**DATASET**
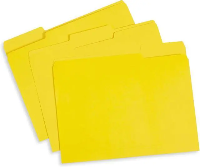 Easily store receipts letters documents for your office classroom or home with our durable paper stock colored file foldersEasily Locate your files with these yellow folders. Perfect design for a color-coded filing systemDesigned to brighten up your home or office and make filing easier. Better option compared to standard manila folders100 folders packed in a thick 1-piece box designed for easy storage allows for quick opening and shuttingSave time filing by avoiding misfiling with colored folders
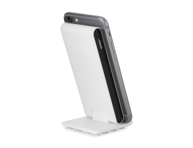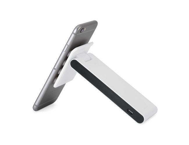 Bateria portátil em ABS com ventosas na base. Bateria de lítio com capacidade de 4.000 mAh, tempo de vida ≥ 500 ciclos e com entrada/saída 5V/1A. Incluso cabo USB / micro USB para carregar a bateria. Bateria: 123 x 50 x 14 mm | Base: 65 x 58 x 10 mm.
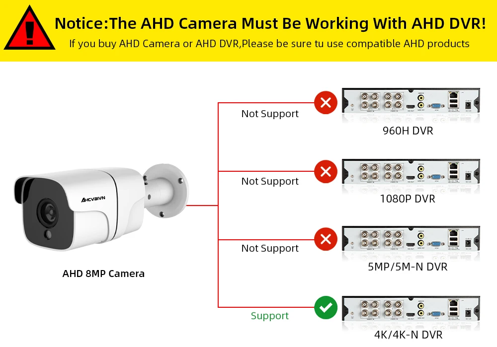 1.HD 4K AHD камера работает только с 5MP AHD DVR или 4K-N AHD DVR или 4K AHD DVR,! Пожалуйста, убедитесь, что ваш AHD DVR поддерживает 4K HD камеру перед покупкой!
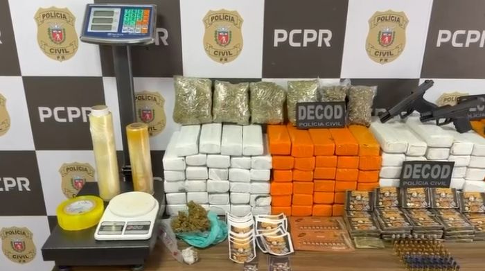 No local da prisão, a polícia apreendeu 110 quilos de maconha, cerca de cinco quilos de haxixe, 1,5 quilo de skunk, duas armas de fogo — uma pistola calibre 9x19 mm da marca Glock, equipada com seletor de rajada, e uma pistola calibre .40 da marca Taurus — além de 105 munições de diversos calibres, uma balança de precisão, balaclava e colete balístico. As investigações continuam para identificar outros envolvidos e desmontar a quadrilha.
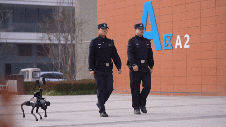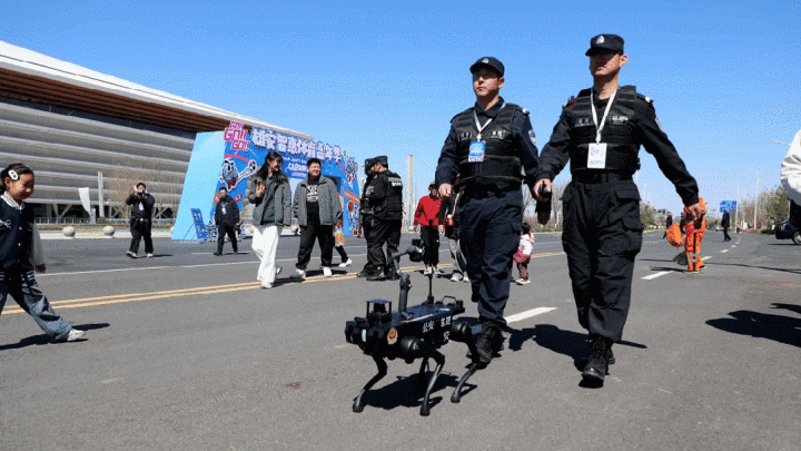 在新区首届国际女篮邀请赛、雄安马拉松、乒超联赛等大型赛事活动现场,警用无人机在空中盘旋巡查,实时传输现场画面,同时通过语音播报疏导人群。场馆内外,警用无人巡逻车与机器狗协同巡逻,巡逻车凭借智能化分析实时排查风险隐患,机器狗则循着预设路线自主穿梭,自动伴随巡逻,成为安保现场的“硬核力量”。
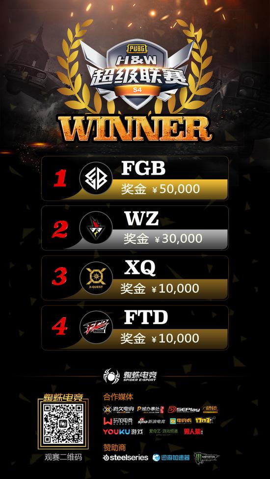 经过5局的艰苦鏖战,最终FGB战队爆冷逆袭夺得冠军,WZ战队获得亚军,XQ获得季军,FTD获得殿军。也感谢其他战队一同为我们奉献的精彩比赛!最后再次感谢SteelSeries赛睿、迅游加速器和MonsterEnergy魔爪联合赞助,游久电竞、P城办事处、5EPlay、八倍镜、玩加电竞、新浪电竞、电竞虎、17173电竞、youku游戏、爱奇艺游戏频道和男人装等媒体鼎力支持。蜘蛛电竞H&W超级联赛第四季到此结束,另外在2019年1月2日,蜘蛛电竞H&W公开赛将再燃战火!全年将会有2000场精彩赛事,1000万赛事奖金,明星战队第一视角和队内语音,让你聆听最真实的战地之声。各位喜欢电竞赛事的朋友们千万不要错过!
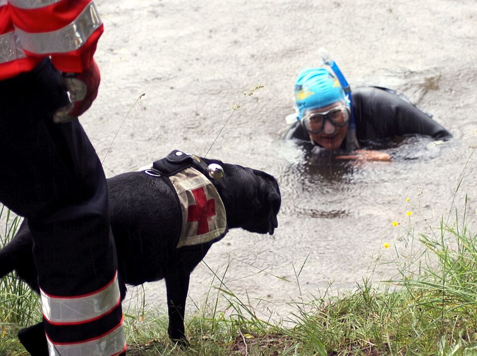 Wald- und Wiesengelände durchstreifen die Hunde – und sogar mehr. Denn für die Übung hatten sich die Verantwortlichen auch eine schwere Aufgabe einfallen lassen. Eine Taucherin lag im Neoprenanzug nahe dem Ufer im Wasser. Um auf dem Wasser zu suchen, benötigen die Tiere eine spezielle Ausbildung zum Flächensuchhund. „Die Hunde benötigen immer Wasser unter den Pfoten. Eine Suche vom Boot aus geht nicht“, sagte Artz. Schon nach kurzer Zeit zeigte der erste Vierbeiner durch lautes Bellen an, dass er die Taucherin, die „leblos“ im Wasser lag, gefunden hatte. Der Hundeführer meldete den Fund an den Einsatzleitwagen. „Die Übung war wichtig. Für alle. Und sie hat gute Erkenntnisse gebracht. Ohne üben geht es nicht“, waren sich die Teilnehmer einig.
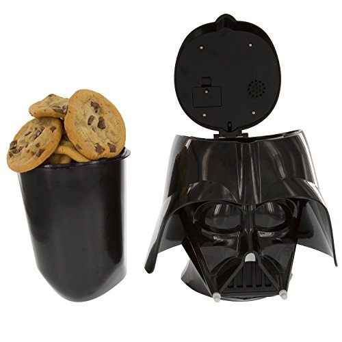 Studio : Underground Toys Publisher : Underground Toys Product Description Calling all foodies from the frozen tundra of Hoth to the forest swamps of Dagobah, this Star Wars Darth Vader Helmet Cookie Jar with Sound is an elegant kitchen storage container from a much more civilized age! Modeled on the iconic helmet of fan-favorite Dark Lord of the Sith, Darth Vader! Made of plastic, this cookie jar will make sounds from the movies when closed or opened. This fun and functional cookie jar is a must-have for any Star Wars fan or collector! There's been no better time to join the dark side, they have chocolate chip cookies for your blue milk! 0
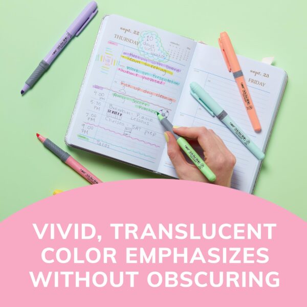 BIC Brite Liner Grip Pastel Highlighters emphasize what’s important on the page without obscuring the text below. Featuring incredibly fun and trendy shades of soft pastel inks, this collection gives you an appealing set of options to emphasize important information in textbooks, notes, documents, journals and more.
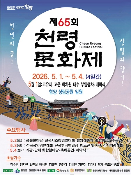올해 천령문화제는 전통과 현대가 어우러진 공연과 체험 프로그램을 중심으로, 군민과 관광객이 함께 만들고 즐기는 참여형 축제로 꾸며진다.
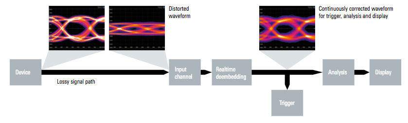 Les oscilloscopes RTP offrent 4, 6 ou 8 GHz de bande passante analogique d’entrée sur quatre voies, avec deux convertisseurs A/N sur 8 bits entrelacés (avec un mode haute définition de 16 bits de résolution, obtenu par calcul). En mode d'acquisition standard, ils permettent la mesure d’un million de formes d'onde par seconde pour une vitesse d’acquisition maximale de 50 Méch./s. Des caractéristiques qui aident les utilisateurs à trouver rapidement des erreurs sporadiques sur un signal analysé, les plus difficiles à détecter car non récurrentes. Sur ces appareils, Rohde & Schwarz a innové en proposant une compensation en temps réel des pertes de transmission de la source du signal vers l'oscilloscope (le de-embedding). Et ce par le biais d’un circuit spécifique (un Asic) qui réalise cette opération (en fait par la mise en œuvre de filtres numériques) avant l’opération de déclenchement sur les signaux, c’est-à-dire avant le trigger numérique installé sur l’instrument. Résultat, il est possible de travailler sur des signaux très “propres” sans se limiter au niveau de la vitesse d’acquisition des signaux. En d’autres termes, l’appareil peut déclencher précisément sur des signaux compensés. En ce sens, il s’agit d’une approche quasi-temps réel, impossible à atteindre lorsqu'on réalise, comme sur la plupart des oscilloscopes, des opérations de post-processing pour corriger les signaux, entraînant des baisses significatives des vitesses d’acquisition.
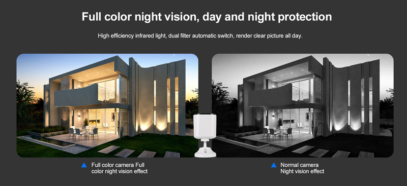 Επιπλέον, υποστηρίζει λειτουργία νυχτερινής όρασης με έγχρωμη εικόνα για την παρακολούθηση ακόμη και στο σκοτάδι και τα βίντεο που καταγράφονται αποθηκεύονται εσωτερικά σε micro SD (δεν συμπεριλαμβάνεται) ή απευθείας σε λογαριασμό στο cloud.
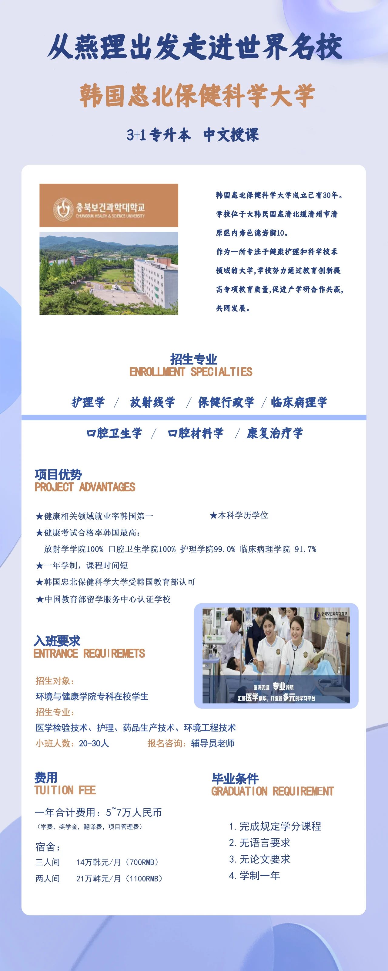 【本(专)硕直通】从燕理出发走进世界名校——环境与健康学院篇:韩国忠北保健科学大学

**EXERCISE OBJECTIVE**
In the listing above, find the line containing "1.HD 4K AHD" and the line containing "经过5局的艰苦鏖战,最终FG", then write out both of them and every line between, exactly, with no pictures.

**OUTPUT BELOW**
 1.HD 4K AHD камера работает только с 5MP AHD DVR или 4K-N AHD DVR или 4K AHD DVR,! Пожалуйста, убедитесь, что ваш AHD DVR поддерживает 4K HD камеру перед покупкой!
 No local da prisão, a polícia apreendeu 110 quilos de maconha, cerca de cinco quilos de haxixe, 1,5 quilo de skunk, duas armas de fogo — uma pistola calibre 9x19 mm da marca Glock, equipada com seletor de rajada, e uma pistola calibre .40 da marca Taurus — além de 105 munições de diversos calibres, uma balança de precisão, balaclava e colete balístico. As investigações continuam para identificar outros envolvidos e desmontar a quadrilha.
 在新区首届国际女篮邀请赛、雄安马拉松、乒超联赛等大型赛事活动现场,警用无人机在空中盘旋巡查,实时传输现场画面,同时通过语音播报疏导人群。场馆内外,警用无人巡逻车与机器狗协同巡逻,巡逻车凭借智能化分析实时排查风险隐患,机器狗则循着预设路线自主穿梭,自动伴随巡逻,成为安保现场的“硬核力量”。
 经过5局的艰苦鏖战,最终FGB战队爆冷逆袭夺得冠军,WZ战队获得亚军,XQ获得季军,FTD获得殿军。也感谢其他战队一同为我们奉献的精彩比赛!最后再次感谢SteelSeries赛睿、迅游加速器和MonsterEnergy魔爪联合赞助,游久电竞、P城办事处、5EPlay、八倍镜、玩加电竞、新浪电竞、电竞虎、17173电竞、youku游戏、爱奇艺游戏频道和男人装等媒体鼎力支持。蜘蛛电竞H&W超级联赛第四季到此结束,另外在2019年1月2日,蜘蛛电竞H&W公开赛将再燃战火!全年将会有2000场精彩赛事,1000万赛事奖金,明星战队第一视角和队内语音,让你聆听最真实的战地之声。各位喜欢电竞赛事的朋友们千万不要错过!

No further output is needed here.